Antimony trisulfide (Sb2S3) is found in nature as the crystalline mineral stibnite and the amorphous red mineral (actually a mineraloid) metastibnite. It is manufactured for use in safety matches, military ammunition, explosives and fireworks. It is also used as a friction material in brake linings. It is a critical primer material for military applications and tracer bullets. It also is used in the production of ruby-colored glass and in plastics as a flame retardant. Historically the stibnite form was used as a grey pigment in paintings produced in the 16th century. In 1817, the dye and fabric chemist, John Mercer discovered the non-stoichiometric compound Antimony Orange (approximate formula Sb2S3*Sb2O3), the first good orange pigment available for cotton fabric printing.

Antimony trisulfide was also used as the image sensitive photoconductor in vidicon camera tubes. It is a semiconductor with a direct band gap of 1.8–2.5 eV. With suitable doping, p and n type materials can be produced.

== Preparation and reactions ==
Sb2S3 can be prepared from the elements at temperature 500–900 °C:

2 Sb + 3 S → Sb2S3

Sb2S3 is precipitated when H2S is passed through an acidified solution of Sb(III). This reaction has been used as a gravimetric method for determining antimony, bubbling H2S through a solution of Sb(III) compound in hot HCl deposits an orange form of Sb2S3 which turns black under the reaction conditions.

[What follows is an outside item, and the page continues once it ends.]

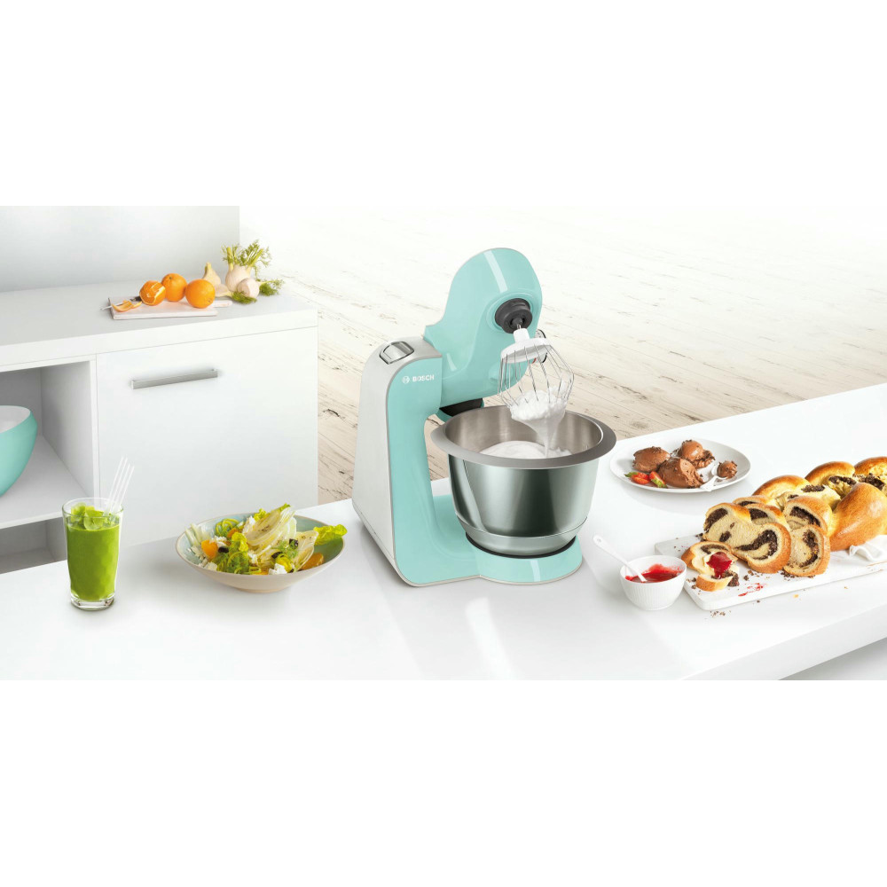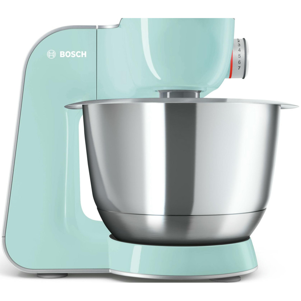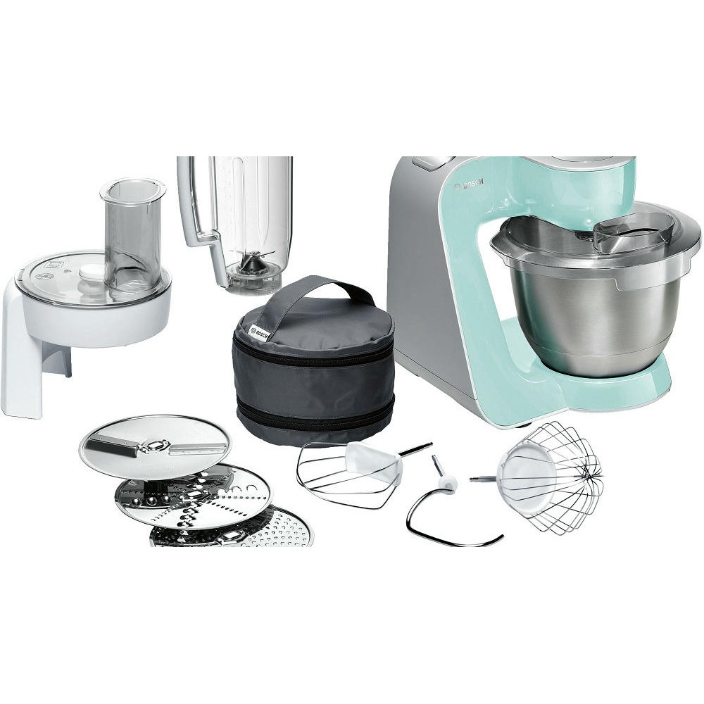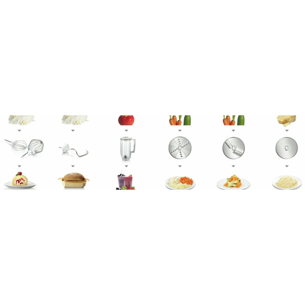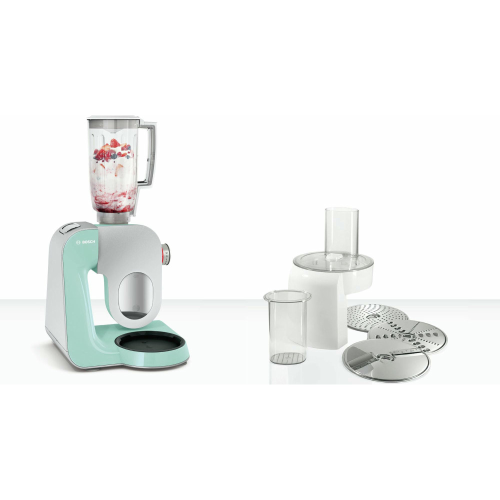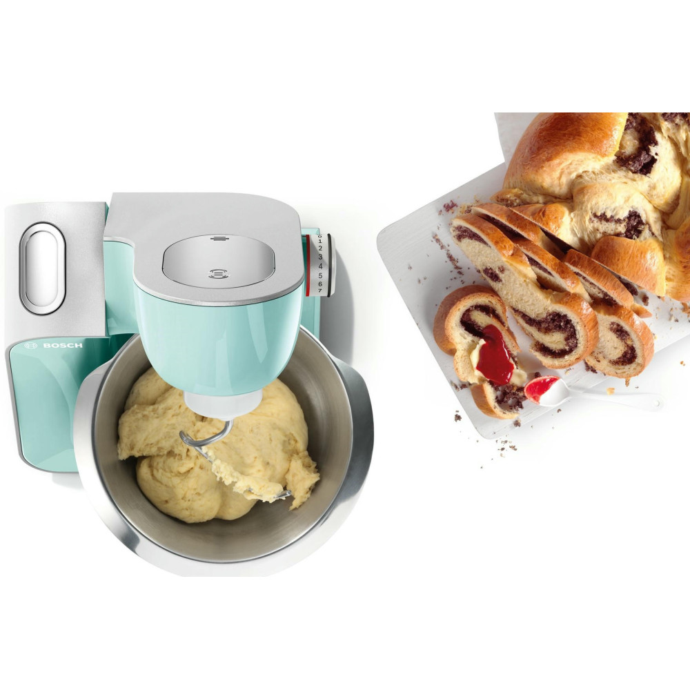 Кухонный комбайн Bosch MUM 58020 — многофункциональный мощный прибор для приготовления различных блюд и выпечки. 3D планетарное вращение кондитерских насадок и особая форма чаши обеспечивают отличное качество замеса теста (до 2,7 кг легкого или 1,9 кг дрожжевого). Универсальная резка с тремя дисками предназначена для разных типов измельчения: двусторонняя терка, двусторонняя шинковка, терка для сыра/ шоколада/ орехов.

Sb2S3 is readily oxidised, reacting vigorously with oxidising agents. It burns in air with a blue flame. It reacts with incandescence with cadmium, magnesium and zinc chlorates. Mixtures of Sb2S3 and chlorates may explode.

In the extraction of antimony from antimony ores the alkaline sulfide process is employed where Sb2S3 reacts to form thioantimonate(III) salts (also called thioantimonite):
3 Na2S + Sb2S3 → 2 Na3SbS3

A number of salts containing different thioantimonate(III) ions can be prepared from Sb2S3. These include:
[SbS3](3−), [SbS2]−, [Sb2S5](4−), [Sb4S9](6−), [Sb4S7](2−) and [Sb8S17](10−)

Schlippe's salt, Na3SbS4*9H2O, a thioantimonate(V) salt is formed when Sb2S3 is boiled with sulfur and sodium hydroxide. The reaction can be represented as:
Sb2S3 + 3 S(2−) + 2 S → 2 [SbS4](3−)

==Structure==
The structure of the black needle-like form of Sb2S3, stibnite, consists of linked ribbons in which antimony atoms are in two different coordination environments, trigonal pyramidal and square pyramidal. Similar ribbons occur in Bi2S3 and Sb2Se3. The red form, metastibnite, is amorphous. Recent work suggests that there are a number of closely related temperature dependent structures of stibnite which have been termed stibnite (I) the high temperature form, identified previously, stibnite (II) and stibnite (III). Other paper shows that the actual coordination polyhedra of antimony are in fact SbS7, with (3+4) coordination at the M1 site and (5+2) at the M2 site. These coordinations consider the presence of secondary bonds. Some of the secondary bonds impart cohesion and are connected with packing.